Недоброе предчувствие скребануло душу подьячего, но злоба на начальство, уязвленная гордыня его и ноющая боль в исполосованной спине нашепты-вали оправдательно, почему-то словами первой летописи : « Тогда не будет меж нами мира, ежели камень начнет плавать, а хмель грязнуть»…
   - А я фас знай и ошень сочувствуй. Фчера мы бил a Посольский тфор  и фител, как фас накасаль батогом. Это ушасно… - проникновенным тоном выговаривал Адольф Эберс, разливая вино по кружкам.
  - Про вас мне, знать, тоже ведомо, - сглатывая обиду, просипел Григорий Котошихин, - да и бумаги по вашим делам не единожды писывал.
  - Не берите плиско к сердце. Тафайте лютше фыпьем  са снакомство, Григори, - предложил шведский дипломат-разведчик государеву подьячему Посольского приказа, прикомандированному к русскому посольству, которое вело переговоры со Швецией о заключении мирного договора.
                --------------------
  Методы вербовки агентов стары, как мир, и незамысловаты, как медный грош. Они и поныне опираются на коренящиеся в людях с адамовых времен человеческие слабости: эгоизм, тщеславие, сластолюбие, жадность, слабоволие, мстительность …
  Котошихин, подобно прочим государевым дьякам и подъячим, давал «крестное целование» с жестоким «проклинательством», чтобы «посулов не имати и дела делати в правду по царскому указу и по Уложению».
  Но слаб человек в искушениях и испытаниях! Сказано в Писании устами Екклесиаста: « Мудрость лучше воинских орудий, но один погрешивший погубит много доброго».
                ---------------------
   Шведский переводчик будущего сочинения Котошихина недаром писал, отмечая его прошлую службу в Посольском приказе: « Это коллегия, в которой сохраняются все государственные древности и тайны…»
   Немало тайн, в том числе и о замечательных географических открытиях, сделанных казаками-землепроходцами в 16-17 веках, успел переправить продажный подьячий в Стокгольм.
  Царь Алексей Михайлович, при  котором в 1654 году Украина вошла в состав России, в следующем году заканчивал успешные боевые действия против Польши. В довершение ее бедствий туда вторглось войско шведского короля Карла Х.
   Русское Посольство возглавляли в те времена талантливый военачальник, дипломат и реформатор Афанасий Ордин-Нащокин и князь Прозоровский. По их приказу в 1660 году за ошибку в написании титула царя и был бит Гришка батогами. Тогда-то в Дерпте его и подкупил шведский дипломат-разведчик Адольф Эберс.

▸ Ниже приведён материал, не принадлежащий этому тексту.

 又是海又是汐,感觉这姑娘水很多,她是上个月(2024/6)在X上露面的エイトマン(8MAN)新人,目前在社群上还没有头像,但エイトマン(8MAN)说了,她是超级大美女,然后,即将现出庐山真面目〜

  В том же году подьячего отправили в Ревель для скорейшего заключения мирного договора.  Царского Величества подьячий Котошихин немало способствовал «успеху» Кардисского мира исключительно в пользу Швеции.

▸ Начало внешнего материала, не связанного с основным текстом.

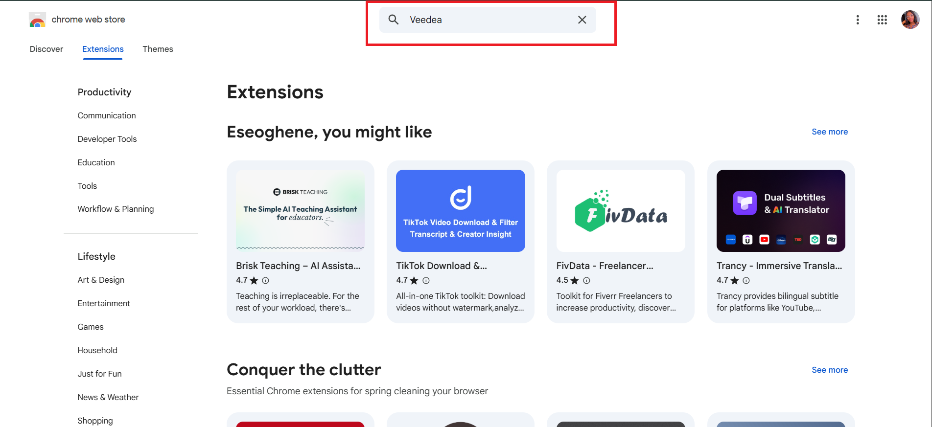 Using the search bar, search Veedea

Выданные им Эберсу дипломатические тайны свели на нет все усилия русских войск.
  Весной 1664 года Григорий был направлен в армию князя Черкасского, стоявшую на Днепре против Польши, но в августе перебежал к противнику.
Затем отправился в Любек к литовцам, далее – в Силезию, а оттуда –в Нарву,
 где  предстал перед шведским губернатором Яковом Таубе. Ему он доложил о своем бегстве и выставил на вид особые «услуги», оказанные им  шведам при заключении Кардисского мира.
 Потребовал было новгородский воевода Ромодановский выдать «изменника и писца» Гришку, да шведы отказались.
                ----------------------------

    В Стокгольме Котошихин срочно перекрестился в протестантство, а в 1666
году  его поверстали на службу и причислили к чинам Шведского Государст-венного архива. Практически сразу он приступил к исполнению срочного заказа канцлера Магнуса Делагарди-младшего, сына заклятого врага России.Беглый подьячий сочинил «Описание Московского государства». Канцлер быстро оценил ум и опытность Гришки Селицкого. Так стал называть себя Котошихин заграницей.
   Изменник, описывая деятельность московских учреждений, подробно рассматривал работу Сибирского приказа и приводил ошеломляющие данные. По его словам, только одна государева казна из Сибири давала годовой доход в шестьсот тысяч рублей.  При тогдашних ценах это была грандиозная цифра! Котошихин-Селицкий рассказал о том, как сибирские меха, рыбий зуб (моржовый клык), живые звери, кречеты и соколы идут на подарки в Англию, Данию,Персию. Он писал об архангельской заморской торговле, упоминал о «большом хане за Сибирью» - китайском императоре.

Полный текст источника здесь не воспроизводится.